Saturday, October 27, 2007

I am…(repost)

i am but a note sitting upon a page of music that both delights and saddens…
a melodious sound that evokes both pain and joy, love and hate…

i am but a word sitting amongst many in a story that has no beginning, no end…
a book that entices the Reader to turn page after page, never knowing what will happen next…

i am but a stroke from a painter’s brush, sitting upon a palette of many colors…
i know that my hue graces His canvas and that i am a part of a great work…

i am but a breeze left over from a great wind, a small drop of rain…
from a great storm that has crossed over the fields of humanity and left it’s mark forever…

i am but a small part of a larger scheme…so small, yet, i am so important…
He treasures me, seeks me out, as he does all my brothers and sisters…

you are as i am…small, seemingly insignificant, yet…not so in His eyes…
we are cherished, loved without condition, treasured beyond all reason…

there is no reason other than pure and complete Love…
we are this and more, simply…we are…simply…

i am… 

Posted by cristina (All Rights Reserved. Copyright MCM © 2002-2011) at 09:48:13 | Permalink | No Comments »
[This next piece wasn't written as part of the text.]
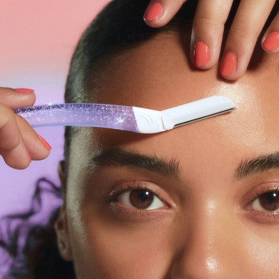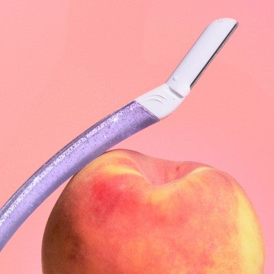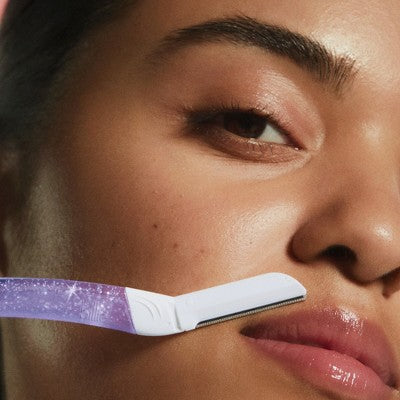 The Billie Dermaplane Starter Kit is perfect for removing peach fuzz and shaping brows with pinpoint precision. Each kit comes with a reusable handle and 3 stainless steel refill blades with protective micro-guards. The rubber handle is comfortable and easy to use with a slip-free grip so you can reach all the angles you need. Plus this dermaplane wand is designed to safely smooth skin and offer gentle exfoliation for a brighter, even-toned complexion. This helps skincare products and makeup glide on more seamlessly. Always prep by washing your hands and face. While we recommend dermaplaning on dry skin, you may add a thin layer of your favorite serum to help your wand glide while you remove peach fuzz. But don’t worry, there’s a step-by-step guide with reference photos included to help walk you through how to dermaplane for the best results. We recommend replacing your dermaplane blades about every 2 shaves. Dermatologist-approved for all skin types, including sensitive skin.

Thursday, October 25, 2007

The time is at hand…

She stood at the fence quietly surveying the scene before her….
armed guards holding back the surge of people fleeing death, poverty, oppression….
She noted the arrogance of the soldiers as hoses were lifted to spray at the screaming crowd…again…
Mothers shielded their children, fathers stood defiant against the torrent of water…
She felt a sense of deep loss standing there, just far enough way to feel only a few drops…
the lack of compassion complete, no sense of humanity was evident as soldiers followed their orders and,
families followed their needs…whole communities torn asunder as the power wielding few destroyed what was once…
great…
What had been lost was a concept deeply buried under apathetic self pity…the comformist’s web had been spun and freedom’s very essence had been bled dry…
Even the soldiers had been blinded…their souls pushed deep into wells of self righteous ignorance…
the power of many, when gathered and organized, is as strong as steel and a thing to be reckonded with…but…
for the power of many to be realized there must come an awakening…a rising of indignation and a demand that changes must be made…will be made…
she knew this as she quietly stood watching her people; black, white, brown, yellow and red…
she remembered what once was and was again stricken by a deep sadness…oh, if only they would stop fighting…
if only they would learn to fight as warriors rather than victims caught in a mess of angry self reproach…
she stepped back from the fence and climbed a hill to sit again under a high oak tree…
she waited for the children to gather and then began telling the stories of days gone by…
she knew that in these children a spark would light and a longing would grow…
dignity and grace, which is present in us all, would stand strong again in their hearts and minds,
and the fighting would be replaced by the quiet certainty that freedom was the one thing belonging to them all…
a birthright that would once again reign supreme over any greed for power or prestige…
the time is at hand…the fighting will end and the awakening will be complete…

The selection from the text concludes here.